Reputation: 477
I am trying to measure my code performance (which is the execution of an OpenCL kernel) and I really need to understand the speed-up. I tried to use clock() and clock_gettime() functions.
In first case my code is simple and straightforward, and it is measured correctly:
struct timespec start_r, start_m, stop_r, stop_m;
double realtime, monotonic;
time_t start2 = clock();
if(clock_gettime(CLOCK_REALTIME, &start_r) == -1) {
cout << "clock realtime error!" << endl;
}
if(clock_gettime(CLOCK_MONOTONIC, &start_m) == -1) {
cout << "clock realtime error!" << endl;
}
double res = 0.0;
for(unsigned long i = 0; i < total; i++) {
res += data[i];
}
cout << "res = " << res << endl;
time_t end2 = clock();
if(clock_gettime(CLOCK_REALTIME, &stop_r) == -1) {
cout << "clock realtime error!" << endl;
}
if(clock_gettime(CLOCK_MONOTONIC, &stop_m) == -1) {
cout << "clock realtime error!" << endl;
}
cout << "Time clock() = " << (end2 - start2)/(double)CLOCKS_PER_SEC << endl;
realtime = (stop_r.tv_sec - start_r.tv_sec) + (double)(stop_r.tv_nsec - start_r.tv_nsec) / (double)BILLION;
monotonic = (stop_m.tv_sec - start_m.tv_sec) + (double)(stop_m.tv_nsec - start_m.tv_nsec) / (double)BILLION;
cout << "Realtime = " << realtime << endl << "Monotonic = " << monotonic << endl;
It gives understandable results - all three results are nearly the same.

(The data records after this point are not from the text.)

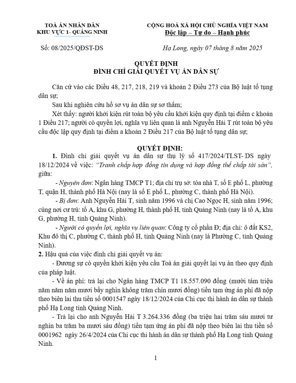 Quyết định số 08/2025/QĐST-DS ngày 07/08/2025 của Tòa án nhân dân khu vực 1 - Quảng Ninh, tỉnh Quảng Ninh về tranh chấp hợp đồng tín dụng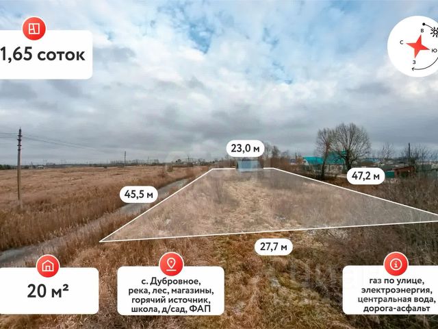 Продается новый участок 12 соток, Жилой дом, выполненный из дерева (1 этаж 20 м2), представляет собой готовое решение для сезонного проживания или может служить основой для будущего капитального строительства. До участка асфальт. Имеется электричество. По улице проходит центральный водопровод. Село Дубровное идеальное место для лесных прогулок, грибных или ягодных прогулок, охоты и рыбалки. По границе села протекает р.Тура с заливными лугами. В центре села Горячий Термальный Источник. Село уже обустроено всей необходимой инфраструктурой: продуктовые магазины, детский сад и новая школа (5-10 мин), дом культуры, спорт.площадка, ФАП (Фельдшерско-акушерский пункт) и аптека, также почтовое отделение, пункт выдачи OZON. Транспортная доступность высокая: до Тюмени ведет качественная четырехполосная магистраль с минимальной загрузкой, что делает поездки в город быстрыми и комфортными. Данный объект является выгодной инвестицией в недвижимость для постоянного проживания в экологически чистой среде или организации загородного досуга. Код пользователя: 190522 Номер в базе: 10352481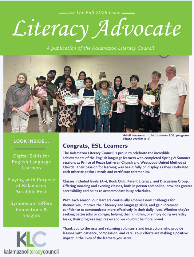 Fall 2025 Newsletter Posted on October 16, 2025 by Kalamazoo Literacy Council - Newsletters Read the latest KLC news! Highlights in this issue include: ESL Summer Program celebrates graduatesĀ Annual symposium offers insights & innovations in adult literacy Playing with purpose at the 14th annual Kalamazoo Scrabble Fest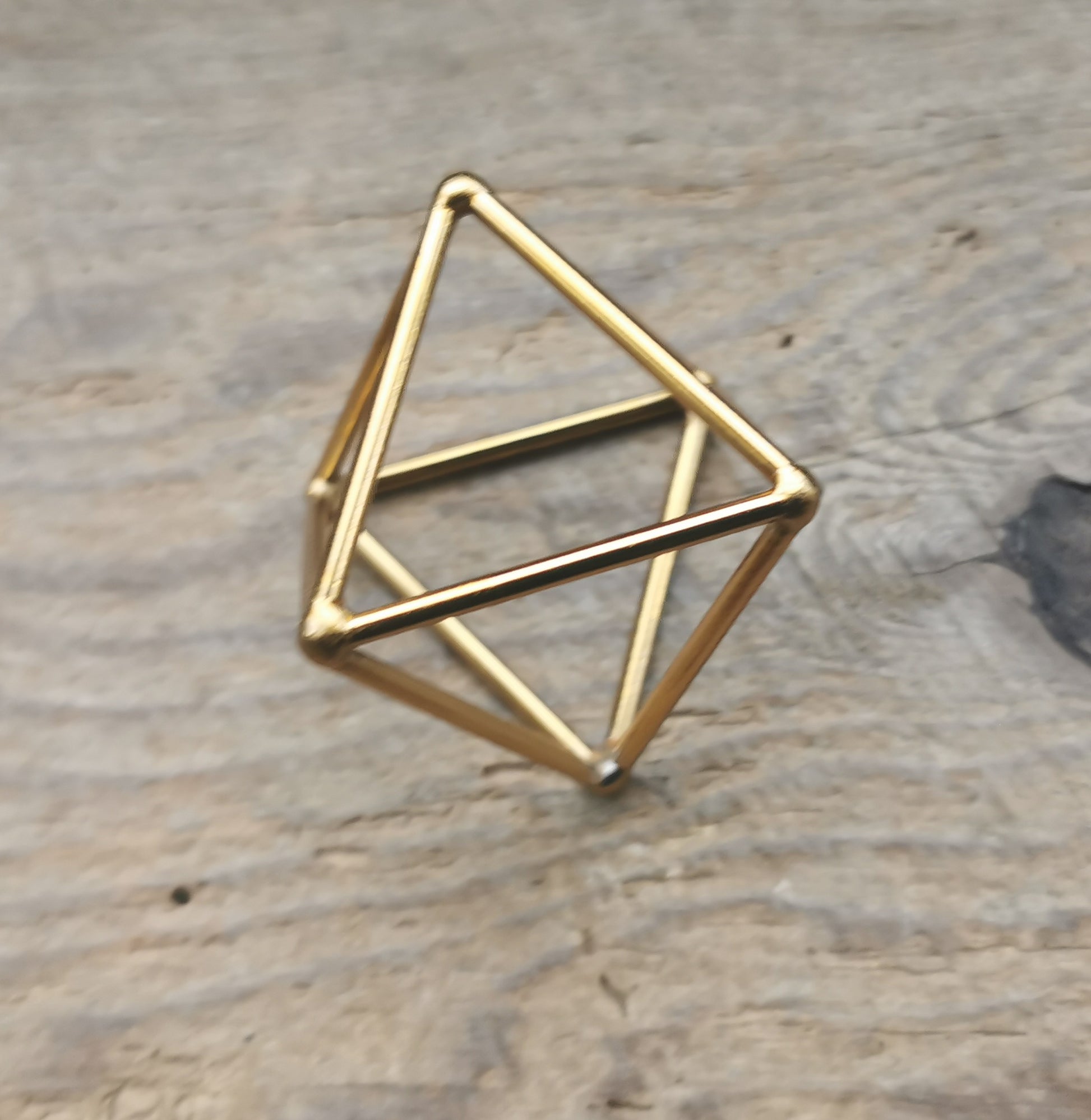 The Octahedron is one of the Platonic solids and symbolizes Air. An octahedron has six vertices, and eight triangular faces, out of which four meet.

When it comes to measuring the execution time of an OpenCL kernel, I do exactly the same, but The results I get are awful:
Time = 0.04
Realtime = 0.26113
Monotonic = 0.26113
Can you give me any idea of what is wrong with it? If it is a usual problem of measuring OpenCL kernel performance, can you suggest the best way to measure it? Thanks!
Upvotes: 1
Views: 7496
Reputation: 129314
The function clock
will in some systems measure the CPU time used by the application. If your application uses OpenCL, it will probably spend most of its time waiting for the actual calculation to be performed by the graphics card, so clock
will not give you "the real time it took to get the result". It's similar to using clock
when reading data from a file, for example - the time it takes to read 100MB from a file is perhaps 2 seconds. But only 0.01s of CPU time is needed to send the commands to the hard disk and collect the data back when it has been stored in memory by the hard disk controller. So the clock
gives "0.01s", not "2s".
Upvotes: 2
Reputation: 7766
If you have access to a C++11 compiler consider using std::chrono instead: http://en.cppreference.com/w/cpp/chrono
There are three clock types built into the new C++ standard:
Furthermore the library is well-designed to handle different levels of granularity, whether you want microsecond accuracy, or something else. For software I have written in the past (large industrial engineering-type simulations) I've relied on std::steady_clock for doing all of my timings with no complaints :-).
Upvotes: 2